In Hadoop 2.0, MapReduce
is now one application instead of two.
This is made possible by the new resource management model, YARN, using
above RM, AM, etc. In addition, Mapper
and Reducer slots are no longer statically predefined. Instead, containers are requested based on
each application by AM from RM, and more specifically from the scheduler in
RM. This allows more efficient resource
utilization of the cluster.
However, despite these improvements, the bottleneck in real world applications continued to
be MapReduce, the data processing engine part of the Hadoop system, due to its
nature being a batch processing engine and its rigid programming paradigm. There are multiple innovations attempting to
improve or replace MapReduce framework, such as Tez, Impala and Drill. There
are also frameworks like Spark and Flink that are not designed for Hadoop but found their way to work seamlessly into the Hadoop cluster replacing MapReduce engine.
So, which engine should you use for your next
job?
Quick Comparison of Data Processing Engines Used in Hadoop: Tez vs Impala vs Drill vs Spark vs Flink
Impala, Tez and Drill
are all developed for Hadoop. Both Tez[6]
and Impala[7] claimed to have improved Hive/MapReduce
speed by 10-100 times, set asides biases in the benchmark like a 384
GB memory machine used for Impala. Spark and Flink were brought to Hadoop not
only as more powerful data processing engines, but also with other capabilities in
real-time data processing, complex query processing and machine learning. Below is a quick comparison among all of these engines.
Impala: Shipped by Cloudera, MapR,
Oracle and Amazon since 2013, Impala is an open source tool developed by Cloudera to combat the slowness of
Hive/MapReduce and to work as a promising interactive SQL-on-Hadoop solution. Impala
includes a processing engine that is derived from Google Dremel and does not build
on MapReduce. Impala process data
in memory and is faster than Hive/MapReduce.

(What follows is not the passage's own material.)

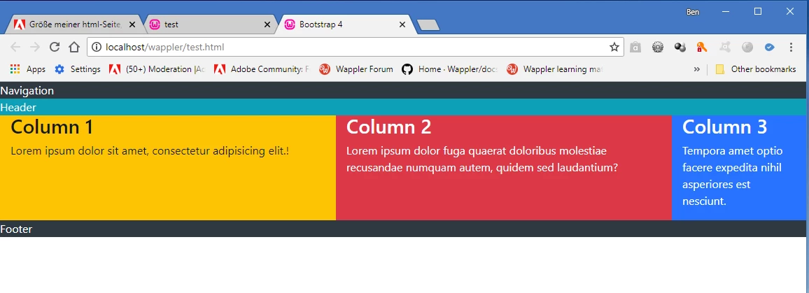 Am liebsten würde ich eine Größe festlegen, die sich an die Fenstergröße anpasst. In der Entwurfsansicht während der Bearbeitung ist das auch der Fall - nur in der tatsächlichen Darstellung am Ende nicht. Es sollte also quasi immer so aussehen, wie im zweiten Screenshot. Was kann ich da machen? / Would like to have it 'always' sized as shown on the second screenshot, independent of the screen's resolution. But how to do?
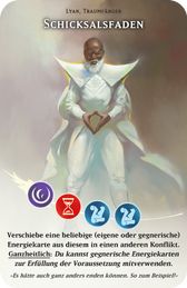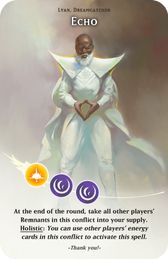Ganzheitlich: "Du kannst gegnerische Energiekarten zur Erfüllung der Voraussetzung mitverwenden", das heißt: Energiekarten anderer Spieler werden bei der Erfüllung der Voraussetzung eines Spruches genau so behandelt wie eigene Energiekarten. Du darfst einen Spruch sogar dann aktivieren, wenn du keine einzige Energiekarte in den Konflikt gespielt hast, solange deine Gegner zusammen die passende Farbkombination gespielt haben.

It initially lacked Hive’s breadth of capabilities, but has added
many functions over time such as UDFs, COMPUTE STATS and window functions for
aggregation. Impala does not support
mid-query fault tolerance. It supports data stored in HDFS, Apache HBase and
Amazon S3. Impala is best used with
Parquet. Depends on who you are talking
to, some believe that Impala may be better than Hive on Tez. Others believe that Hive on Tez is better than Impala.
Tez: It was originated from Microsoft’s
research paper and implemented mainly by Hortonworks. In July 2014, Tez became
a top level Apache project.[8] Its main goal is to improve Hive and Pig’s MapReduce jobs. It is shipped with Hortonworks and supported
by Microsoft HDInsight and some third party applications like Datameer v5.0 or
later. Tez uses Directed Acyclic
Graphs (DAGs) and does everything MapReduce does, but faster.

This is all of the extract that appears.